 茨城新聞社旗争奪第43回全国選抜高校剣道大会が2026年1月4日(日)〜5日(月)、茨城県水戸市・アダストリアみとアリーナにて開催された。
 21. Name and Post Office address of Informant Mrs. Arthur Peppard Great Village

------------

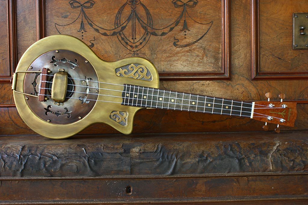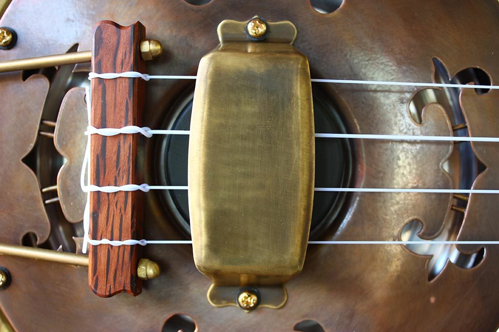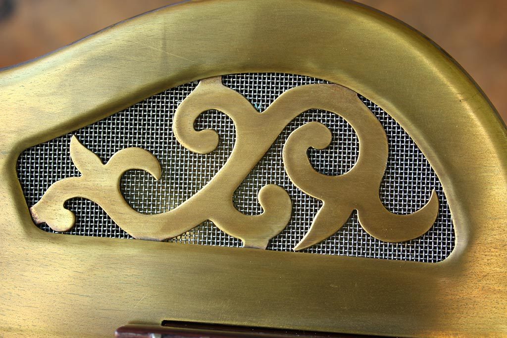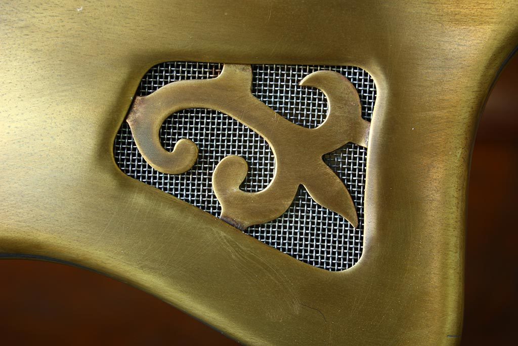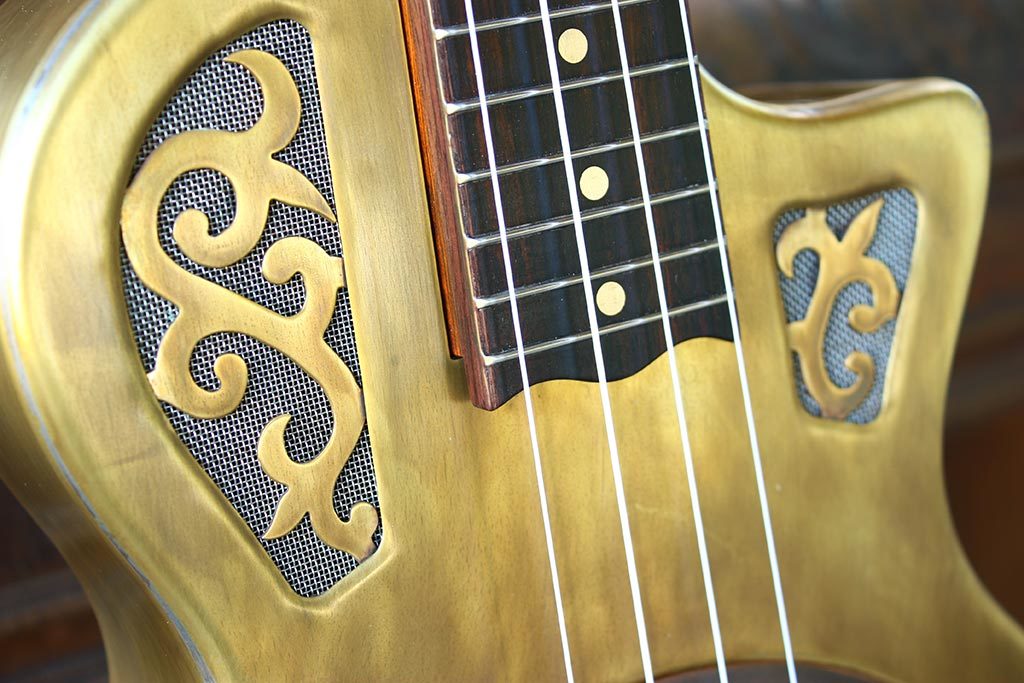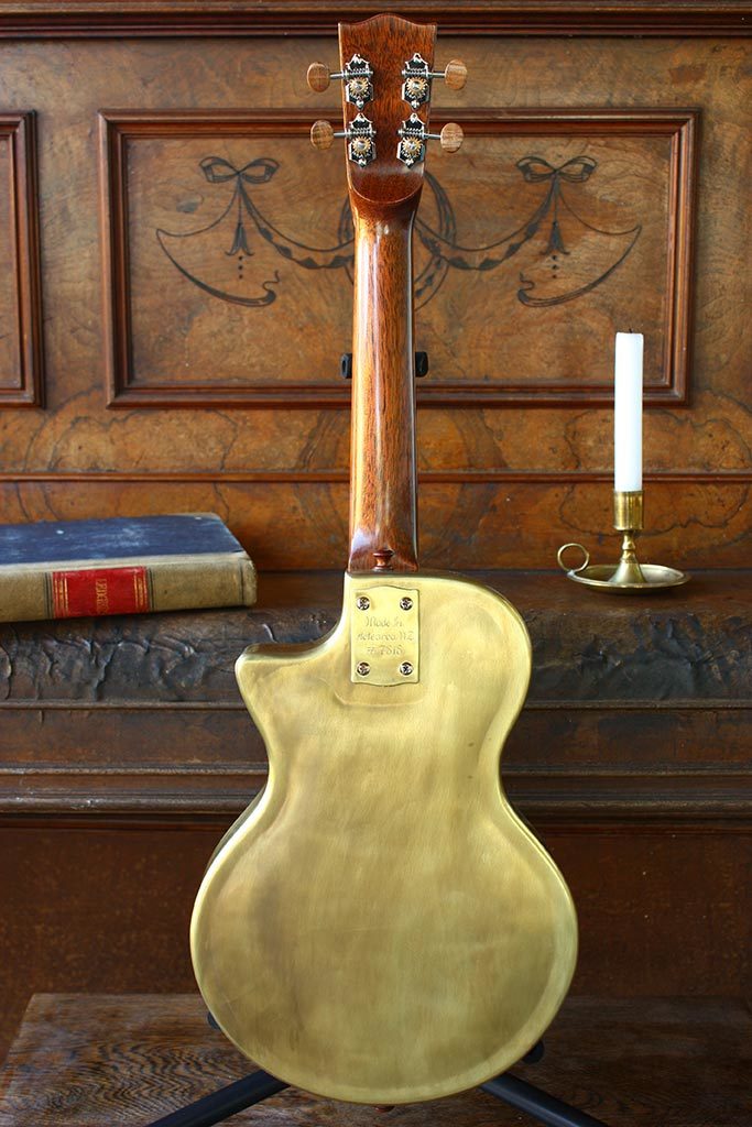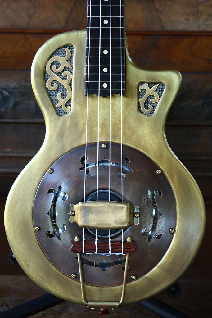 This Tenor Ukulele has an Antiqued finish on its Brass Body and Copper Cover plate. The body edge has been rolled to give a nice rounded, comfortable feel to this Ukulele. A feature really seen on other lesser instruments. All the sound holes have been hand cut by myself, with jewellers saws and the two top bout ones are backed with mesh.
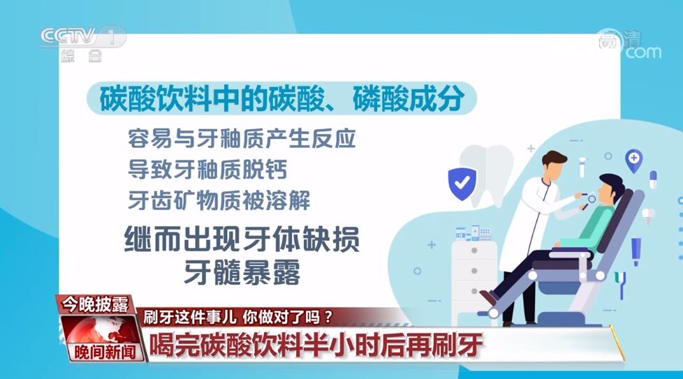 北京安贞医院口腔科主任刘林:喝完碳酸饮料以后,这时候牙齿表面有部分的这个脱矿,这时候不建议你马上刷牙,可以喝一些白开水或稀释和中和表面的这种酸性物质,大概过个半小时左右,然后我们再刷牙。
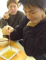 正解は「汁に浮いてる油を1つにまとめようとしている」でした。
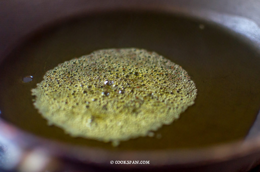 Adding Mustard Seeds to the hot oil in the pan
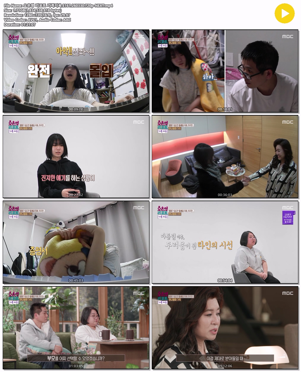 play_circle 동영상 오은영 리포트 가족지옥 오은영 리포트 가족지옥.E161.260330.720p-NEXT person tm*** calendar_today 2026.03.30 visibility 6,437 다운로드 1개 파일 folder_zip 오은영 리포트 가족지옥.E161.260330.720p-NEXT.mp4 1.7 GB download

------------

- _Exercise details_: Using the entries above, write out exactly the lines from the one with "正解は「汁に浮いてる油を1つにまとめようとしている」でした。" through the one with "play_circle 동영상 오은영", ends included. Leave out any pictures.

- _Answer to this exercise_:
 正解は「汁に浮いてる油を1つにまとめようとしている」でした。
 Adding Mustard Seeds to the hot oil in the pan
 play_circle 동영상 오은영 리포트 가족지옥 오은영 리포트 가족지옥.E161.260330.720p-NEXT person tm*** calendar_today 2026.03.30 visibility 6,437 다운로드 1개 파일 folder_zip 오은영 리포트 가족지옥.E161.260330.720p-NEXT.mp4 1.7 GB download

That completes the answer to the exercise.